• _What to do_
Pictures stay out of the output. Return exactly the lines below from the one with "Deze set bevat" down to the one with "Scultura in ferro", both included, and nothing more.

Records drawn from a dataset

--------------------------------------------------

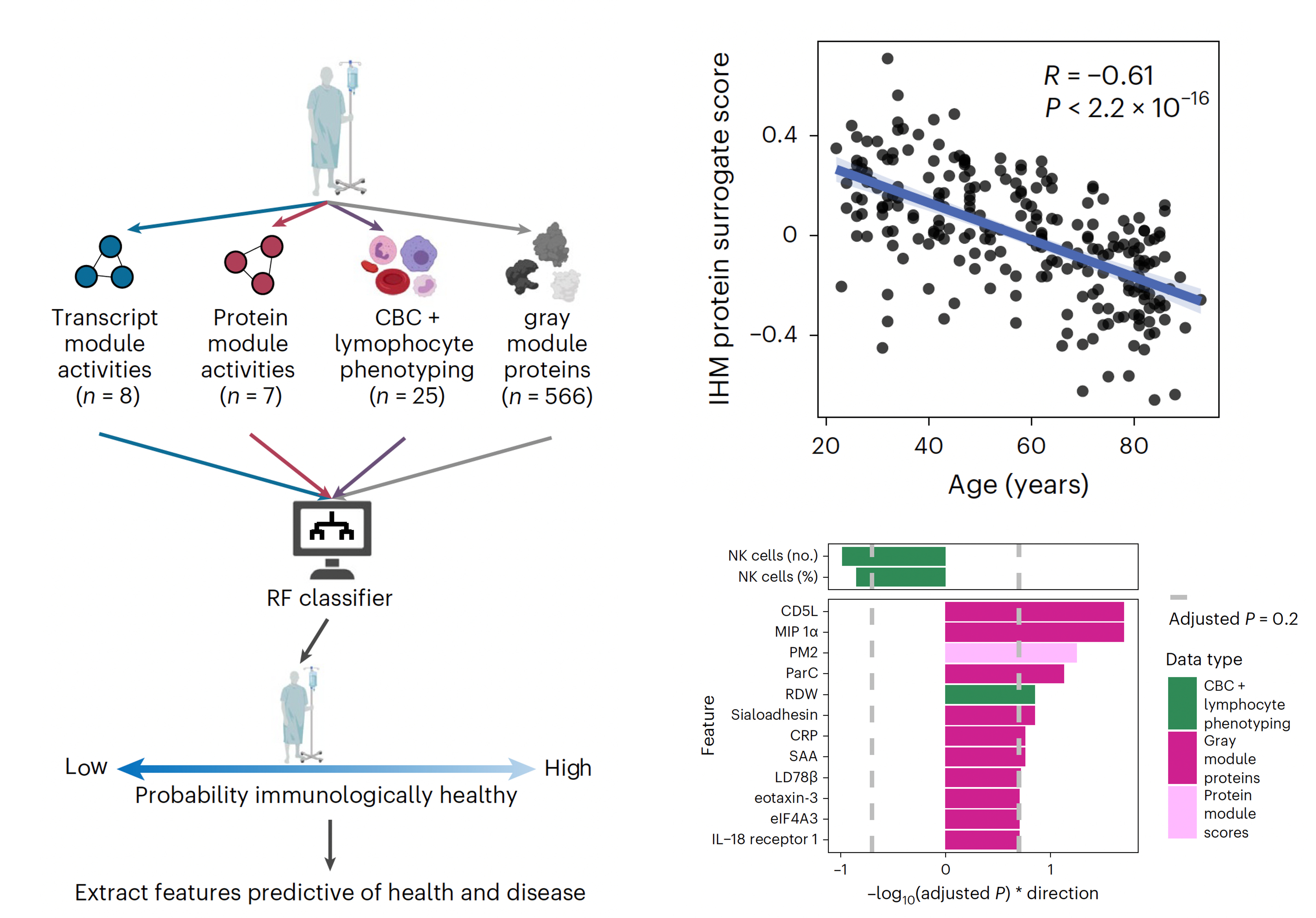 The IHM was assessed in 10 independent datasets and differentiated healthy vs immunologic or inflammatory diseases, with discrimination well beyond inflammatory markers such as C-reactive protein and interleukin-6. It also predicted age among healthy individuals, and the age-related response to vaccines. The IHM’s predictive capacity was not affected by removal of CXCL9 (iAge) but it was concordant with IMM-AGE.
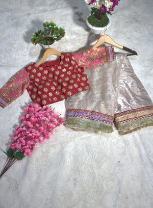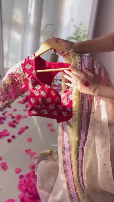 Make a show-stopping entrance in this luxurious Jimmy Choo saree, a masterpiece adorned with multi-sized sequins (3mm, 5mm, 9mm), intricate zari, and delicate dori work. Designed to shimmer with every movement, this saree exudes unmatched glamour and elegance. ✨
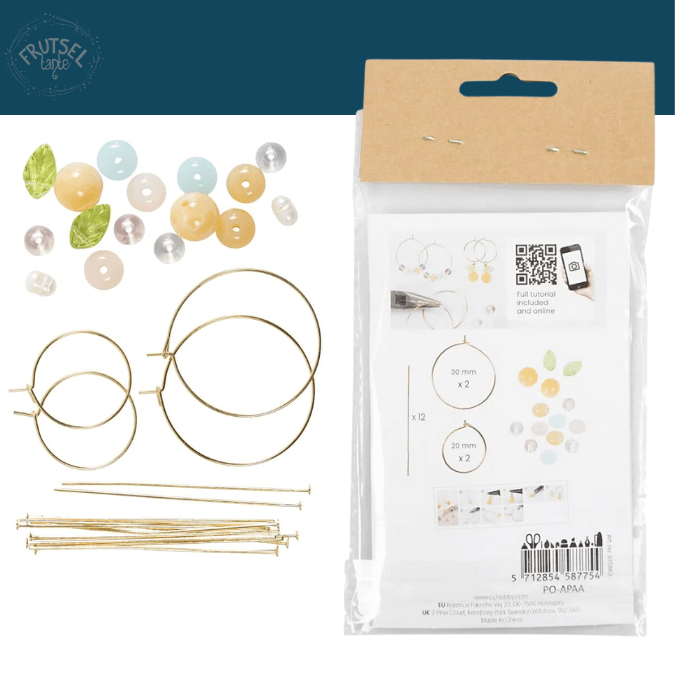 Deze set bevat rocailles, glaskralen, oorringen, nietstiften en een uitleg hoe je deze prachtige oorbellen kan maken. Er is ook een QR code op de doos om de uitleg digitaal te krijgen.
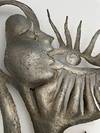 Scultura in ferro battuto dell'artista Borlandi realizzata negli anni 70 Misura 80 x 60 cm Rappresenta il Sole Realizzata a mano Utilizzabile sia come decorazione da parete che come lampada dato che ha il portalampadina installato. Vintage
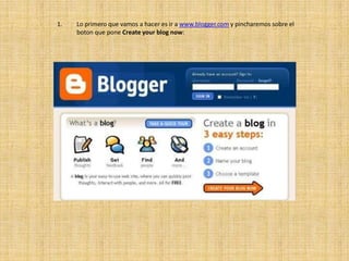 Este documento explica los pasos para crear un blog en Blogger. Primero, se debe ir a www.blogger.com y crear una cuenta con un nombre de usuario y contraseña. Luego, se debe dar un título y dirección URL al blog, elegir un diseño, y publicar el primer post. Finalmente, se pueden personalizar opciones como el título, descripción y configuración de comentarios del blog.
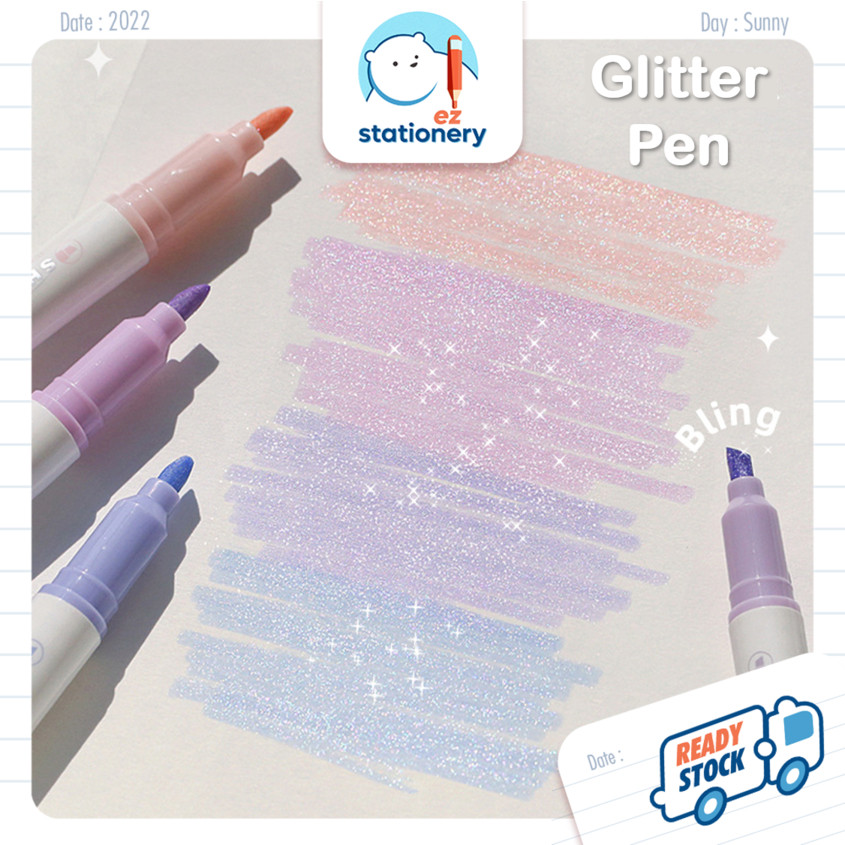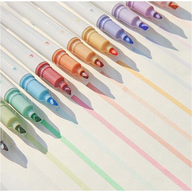 Ready Stock Twinkle Shiny Glitter Highlighter Pen Set Bling Sparkling Highlight Pen Marker Pastel Morandi Journal Pen
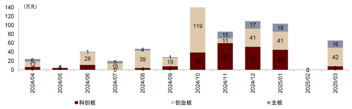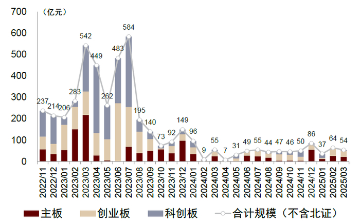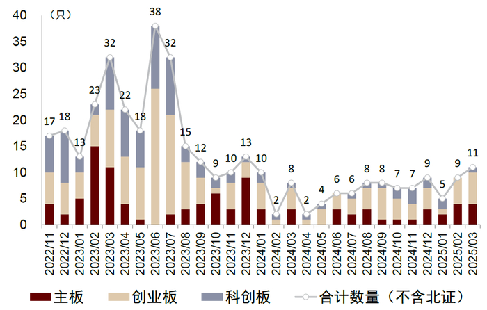 审核与融资:2025年3月,A股IPO数量11只(环比+22%),融资规模54亿元(环比-16%)。年初至今,A股IPO数量合计25只(同比+25%),融资规模合计155亿元(同比-3%)。
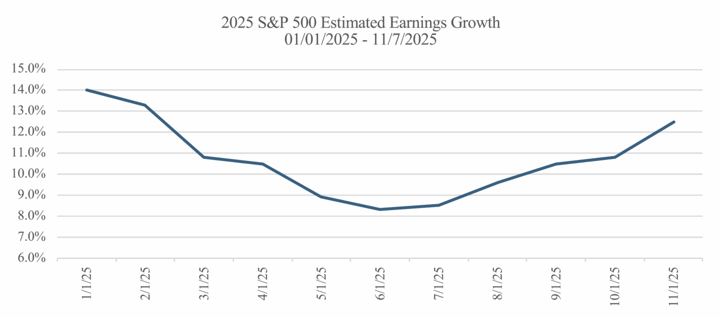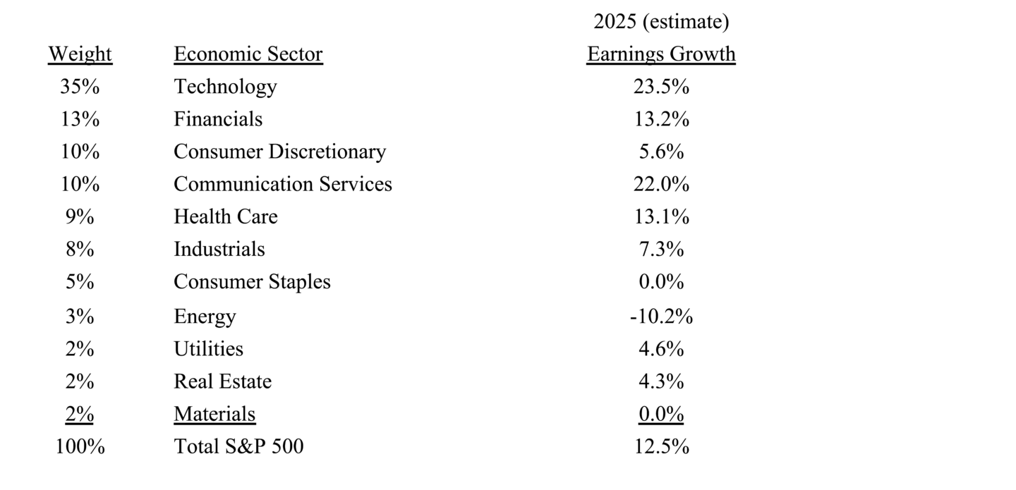 The new year started with high expectations of 14% year-over-year earnings growth and it dropped to 8.3% growth by the middle of the year before moving upward again.  As of last week, expectations are for 12.5% earnings growth for 2025.  Since the year is almost over, Wall Street analysts are usually fairly confident in the outcome by this time.

--------------------------------------------------

• _Result below_
 Deze set bevat rocailles, glaskralen, oorringen, nietstiften en een uitleg hoe je deze prachtige oorbellen kan maken. Er is ook een QR code op de doos om de uitleg digitaal te krijgen.
 Scultura in ferro battuto dell'artista Borlandi realizzata negli anni 70 Misura 80 x 60 cm Rappresenta il Sole Realizzata a mano Utilizzabile sia come decorazione da parete che come lampada dato che ha il portalampadina installato. Vintage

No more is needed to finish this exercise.